Era igual aos que faze quarenta anos?

Não, absolutamente não. Era como o cano de um fuzil. Permaneceu ali durante oito minutos. Certamente não tinha a mesma velocidade. Ia para a frente como uma serpenta na água, e o comandante para tirar as fotos, manteve a câmera fotográfica junto ao guichê (janelinha ao lado da cabine de comando), esperando que passasse junto a ele. Só foi possível vê-lo em parte, pois o OVNI era maior que o Boeing.

E seus companheiros de quarenta anos, alguma vez falaram?

Eles pensam que estou louco pelo fato de ter falado. Dois deles morreram, e agora só ficaram dois.

Uma ultima pergunta. Tanto eu como você sabemos que os extraterrestres existem, que não estamos sós no Universo, que existem infinidades de galáxias, que existem inteligências altamente evoluídas, ou menos evoluídas. Você, a Deus, a Cristo e os grandes Mestres, onde os põe neste caso?

Acima de tudo acredito na reencarnação verdadeiramente, e não porque é uma bonita idéia. É possível que nós já tenhamos vivido muitas vezes, inclusive até umas cem vezes.
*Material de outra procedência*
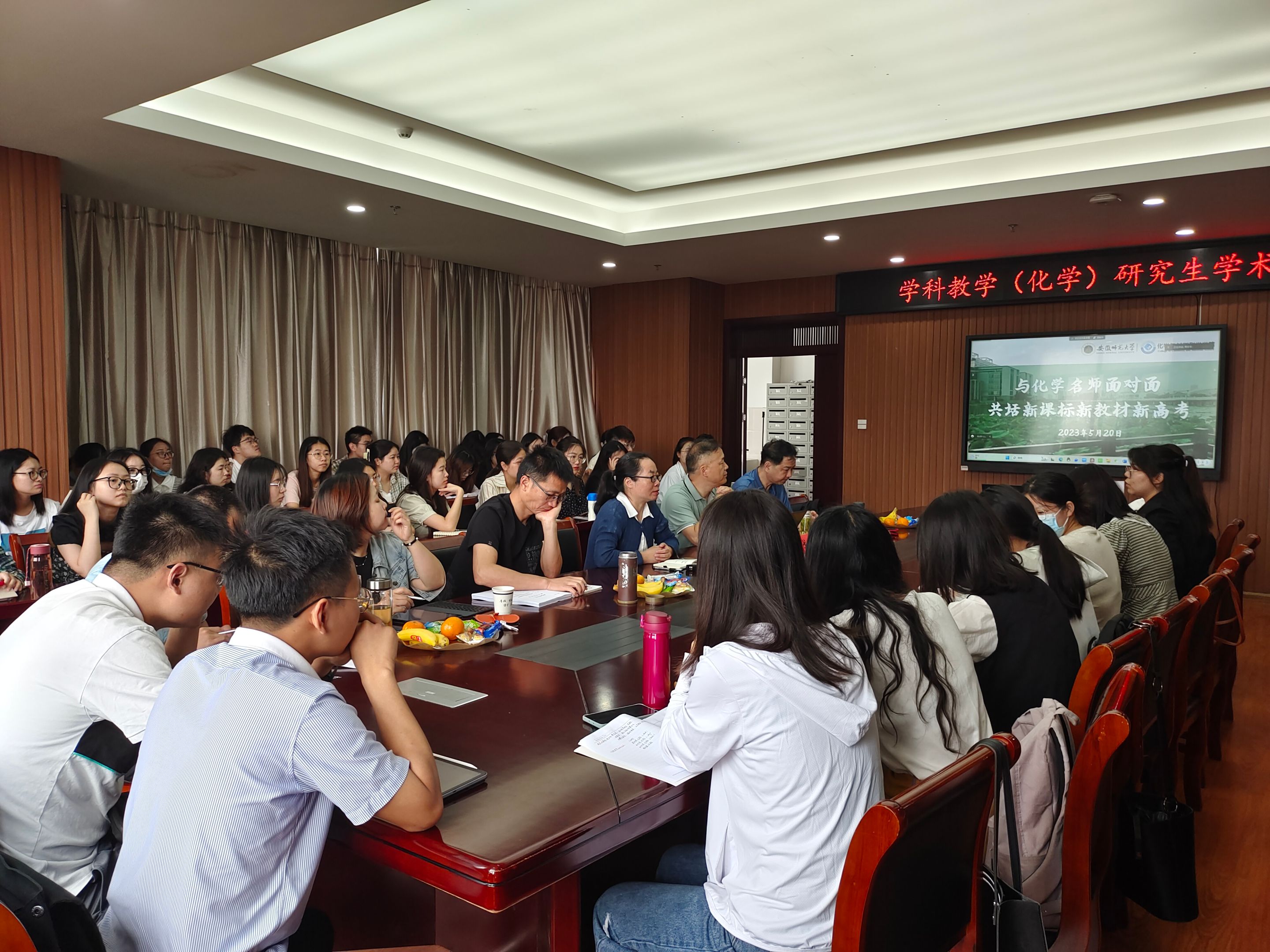 本网讯(美高梅4858线路登录 黄淑雯、张薇)为促进研究生对“新课标、新教材、新高考”的认识,提升其教学技能与教育研究水平,5月20日上午,美高梅4858线路登录于礼勤楼702会议室举行题为“与化学名师面对面 共话新课标新教材新高考”的学术沙龙活动。本次活动线上线下同步开展,特邀中科大附属中学教务处副主任戈益超与宣城市化学教研员徐泓两位化学名师开展主题讲座。美高梅4858线路登录部分教师、全体学科教学(化学)专业学生参加此活动,活动由学科教学(化学)点长孙影主持。

A vejo como uma espécie de escola; por exemplo, estamos em um grau elementar e se aprendemos à lição nos dão um diploma e já não devemos repetir esta classe. Nos céus não é diferente de outros planos. Eu penso que Cristo já esteve aqui varias vezes, e certamente com um espaço de muitos anos entre uma vez e outra. Aparece a civilizações, aparece a pessoas, que não tem idéia de outros povos, de outras civilizações... Há um certo tipo de energia suprema. Somos seres fisiologicamente complexos, também o pensamento espiritual, também o sentimento espiritual...

Existe um Ser Superior a todos, uma inteligência...?

Sim, eu penso que sim, mas não como o descreve as religiões... Sim. Estou de acordo, Eu falo de um Ser superior a todos, superior a nós os homens da terra, superior aos extraterrestres. Mas penso também que no Universo existem Seres que estão mais perto de nós e dessa Inteligência. Sim, assim é.

E outros que talvez, sejam como nós?

Eu não tive a possibilidade de encontrar a esta inteligência, a não ser que você seja um deles. Mas coincidimos no mesmo credo espiritual. Eu penso que todas as pessoas que investigaram a matéria durante muito tempo, chegaram às mesmas conclusões. Nós devemos ser capazes de aceitar o que é na realidade, e não o que queremos acreditar e, se temos a possibilidade, devemos tratar de contribuir com mudanças para melhorar a situação. Para transformar o negativo em positivo. Então, temos uma meta.

Capitão, estamos muito agradecidos, de todo coração, em nome de todos os amigos italianos que o apreciam, e também em nome de Eugenio Siragusa.

 

Muito obrigado a vocês. De verdade, muito obrigado.